Directions: Starting with the first line of the data below, copy each line up to and including the one containing "此外,上述奖金将按照本次赛事". Pictures stay out.

Supplied material:

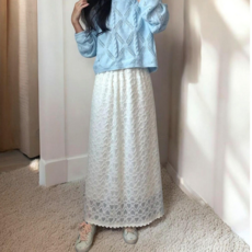 스타일원 여성 밴딩 펀칭 기모 안감 레이스 롱 스커트 치마
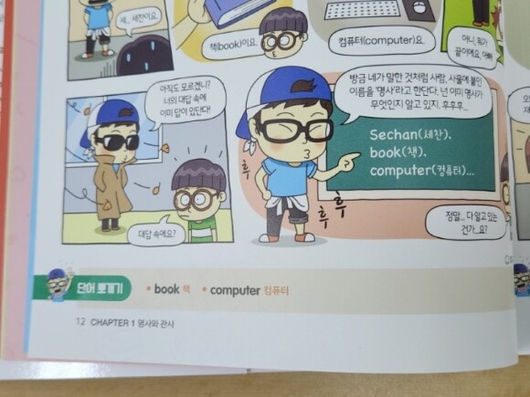 이 책에는 혼공 선생님을 묘사한 아빠와 그의 자녀인 세찬이, 은별이가 일상생활에서 겪는 다양한 에피소드와 초등 영문법의 내용을 소개하고 있어요. 그래서 만화만 읽고 있어도 저절로 영문법의 기초 개념을 이해할 수 있더라고요
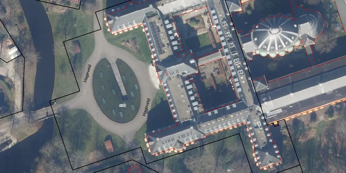 Het perceel waarop Hageveld 22 staat heeft een oppervlakte van 1,1 ha. Dit is een zeer groot perceel. De perceeloppervlakte wordt geregistreerd door het Kadaster. Gedetailleerde informatie over de maten van dit perceel kunt u vinden in het rapport Kadastrale kaart met maatvoering van Hageveld 22.
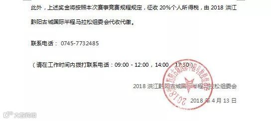 此外,上述奖金将按照本次赛事竞赛规程规定,征收20%个人所得税,由2018洪江黔阳古城国际半程马拉松组委会代收代缴。
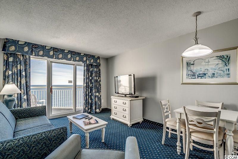Direct oceanfront one-bedroom condo at Bay Watch Resort. This unit juts out from the rest of the building, making for great oceanfront and south-facing coastline views from the angled balcony (See pictures). The spacious floor plan includes a Murphy bed for extra sleeping capacity and a full kitchen. Washer/dryer in condo. Nicely furnished and accessorized. Great vacation home or vacation rental property. Low HOA fees for a property of this type. Located in the center building (Phase III), which contains an impressive contemporary registration lobby. Bay Watch Resort features include an expansive oceanfront pool deck with 18 unique features including outdoor pools, hot tubs, and a lazy river. Also - indoor lazy river, 2 indoor pools, game room, exercise room, convenience/souvenir store, restaurants and lounges, and conference facilities. Bay Watch is close to Barefoot Landing, Ocean Drives Main Street, The Tanger Outlet and the many shops, restaurants and attractions of North Myrtle Beach.The HOA fee includes water/sewer, unit electric, cable and internet. All information is deemed correct, but it is the responsibility of the buyers and theiragent to verify all information.
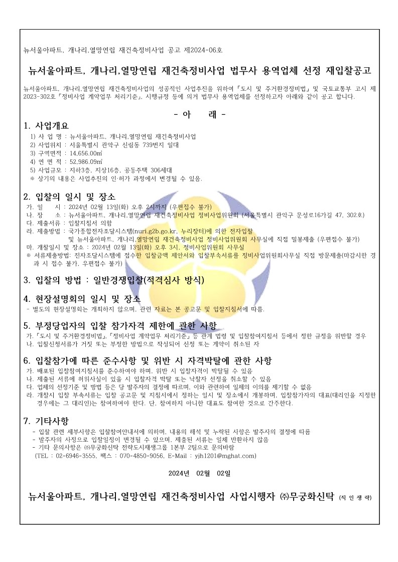 선정방법 : 일반경쟁입찰(적격심사 방식)
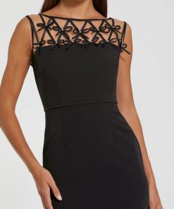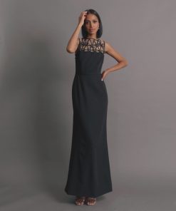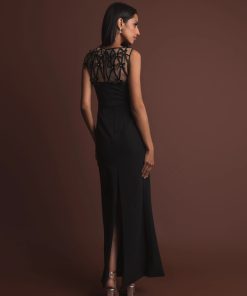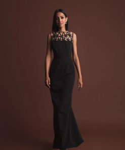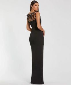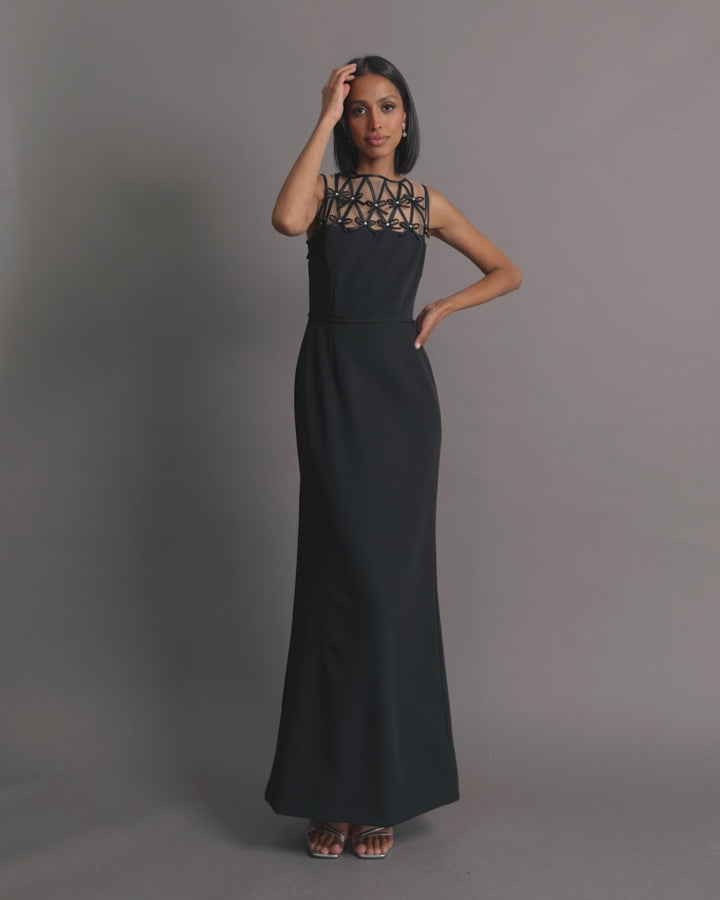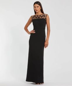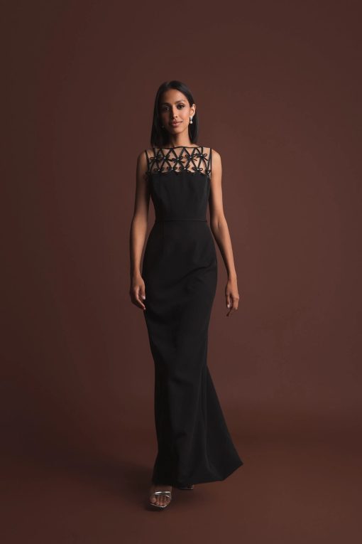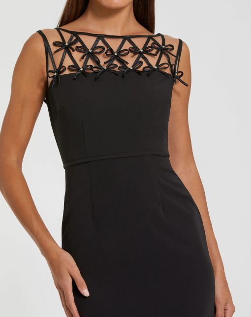 Elevate your evening look in this sleek crepe gown. Delicate satin bows adorn the sheer illusion neckline, adding a modern touch to this timeless silhouette. Perfect for formal occasions, galas, and black tie events, this dress seamlessly blends glamour and sophistication.
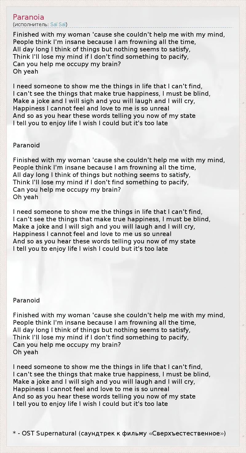 Finished with my woman 'cause she couldn't help me with my mind, People think I'm insane because I am frowning all the time, All day long I think of things but nothing seems to satisfy, Think I'll lose my mind if I don't find something to pacify, Can you help me occupy my brain? Oh yeah I need someone to show me the things in life that I can't find, I can't see the things that make true happiness, I must be blind, Make a joke and I will sigh and you will laugh and I will cry, Happiness I cannot feel and love to me is so unreal And so as you hear these words telling you now of my state I tell you to enjoy life I wish I could but it's too late Paranoid Finished with my woman 'cause she couldn't help me with my mind, People think I'm insane because I am frowning all the time, All day long I think of things but nothing seems to satisfy, Think I'll lose my mind if I don't find something to pacify, Can you help me occupy my brain? Oh yeah I need someone to show me the things in life that I can't find, I can't see the things that make true happiness, I must be blind, Make a joke and I will sigh and you will laugh and I will cry, Happiness I cannot feel and love to me us so unreal And so as you hear these words telling you now of my state I tell you to enjoy life I wish I could but it's too late Paranoid Finished with my woman 'cause she couldn't help me with my mind, People think I'm insane because I am frowning all the time, All day long I think of things but nothing seems to satisfy, Think I'll lose my mind if I don't find something to pacify, Can you help me occupy my brain? Oh yeah I need someone to show me the things in life that I can't find, I can't see the things that make true happiness, I must be blind, Make a joke and I will sigh and you will laugh and I will cry, Happiness I cannot feel and love to me is so unreal And so as you hear these words telling you now of my state I tell you to enjoy life I wish I could but it's too late * - OST Supernatural (саундтрек к фильму «Сверхъестественное»)
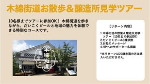 木綿街道を歩きながら、ビールと地域の魅力を体験できる特別なコースです。
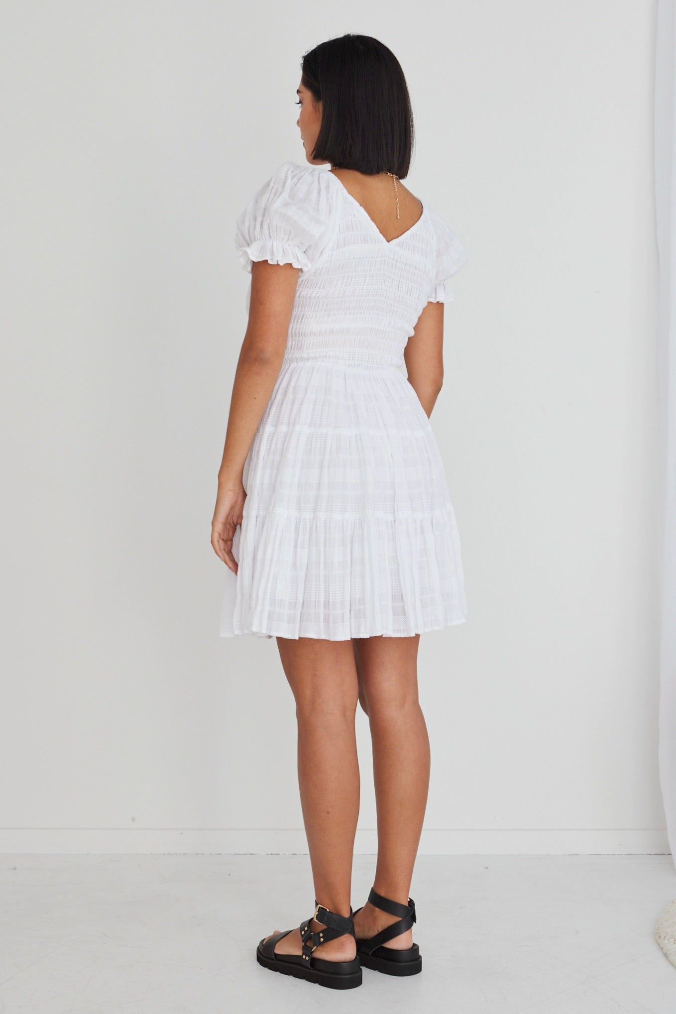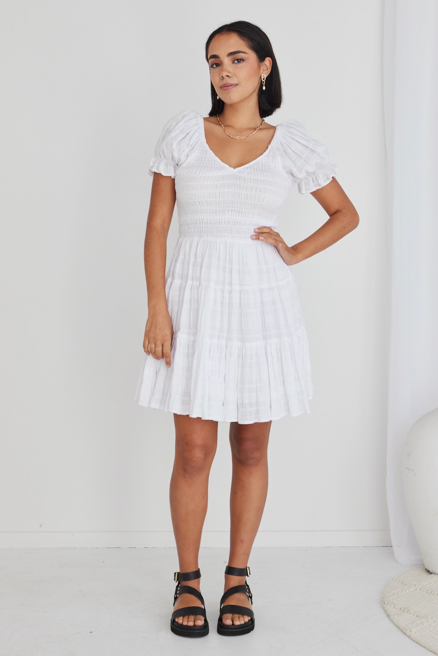 The Heidi mini dress is the ultimate summer fit! Featuring a shirred bodice and V neckline for a super flattering fit. - Shirred bodice - V neckline - Mini length - Main: 95% Cotton, 5% Elastane - Lining: 100% Cotton
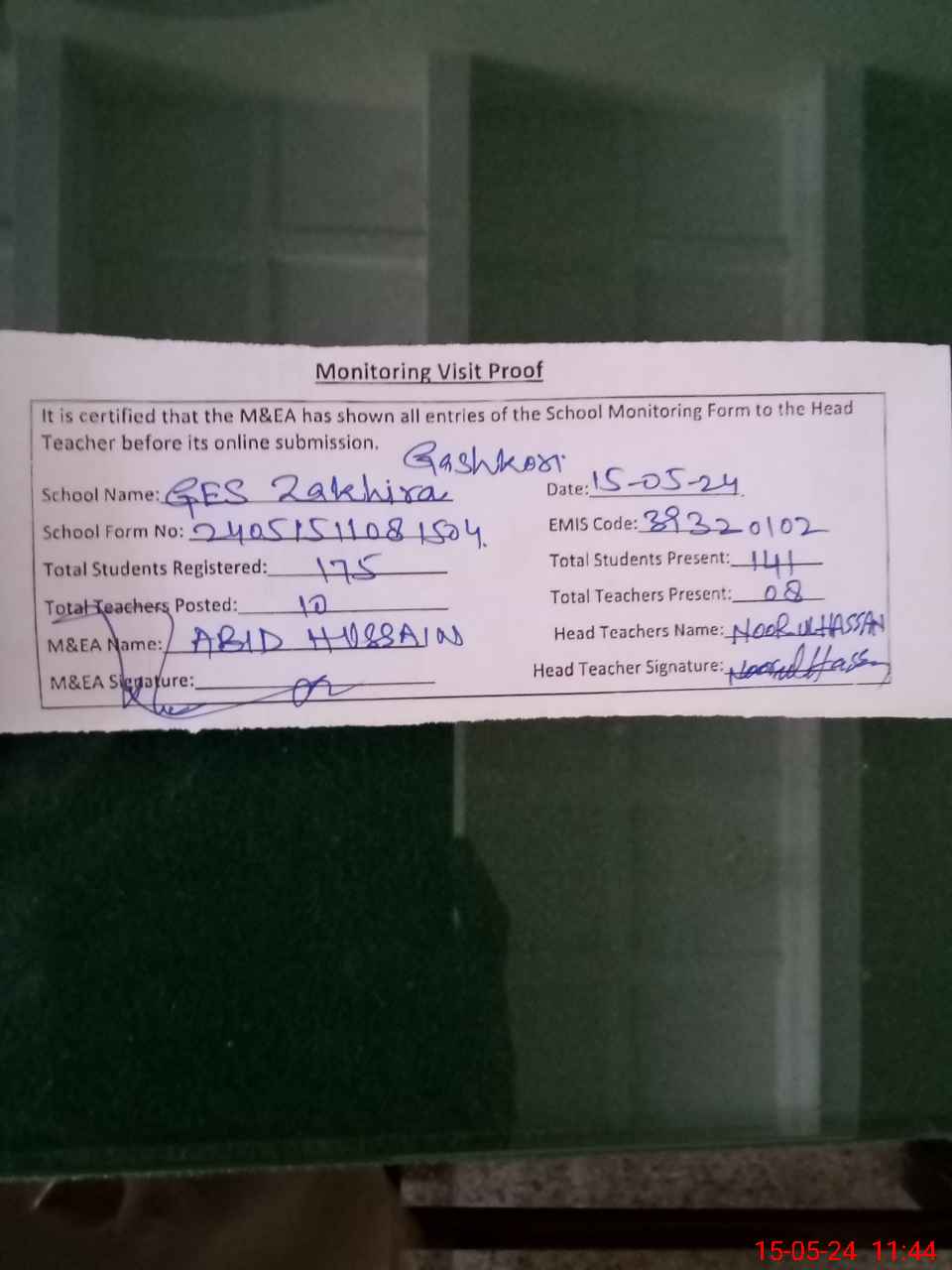 | Attendance Register | Head Teacher | MEA with School | Visit Proof |

The answer:
 스타일원 여성 밴딩 펀칭 기모 안감 레이스 롱 스커트 치마
 이 책에는 혼공 선생님을 묘사한 아빠와 그의 자녀인 세찬이, 은별이가 일상생활에서 겪는 다양한 에피소드와 초등 영문법의 내용을 소개하고 있어요. 그래서 만화만 읽고 있어도 저절로 영문법의 기초 개념을 이해할 수 있더라고요
 Het perceel waarop Hageveld 22 staat heeft een oppervlakte van 1,1 ha. Dit is een zeer groot perceel. De perceeloppervlakte wordt geregistreerd door het Kadaster. Gedetailleerde informatie over de maten van dit perceel kunt u vinden in het rapport Kadastrale kaart met maatvoering van Hageveld 22.
 此外,上述奖金将按照本次赛事竞赛规程规定,征收20%个人所得税,由2018洪江黔阳古城国际半程马拉松组委会代收代缴。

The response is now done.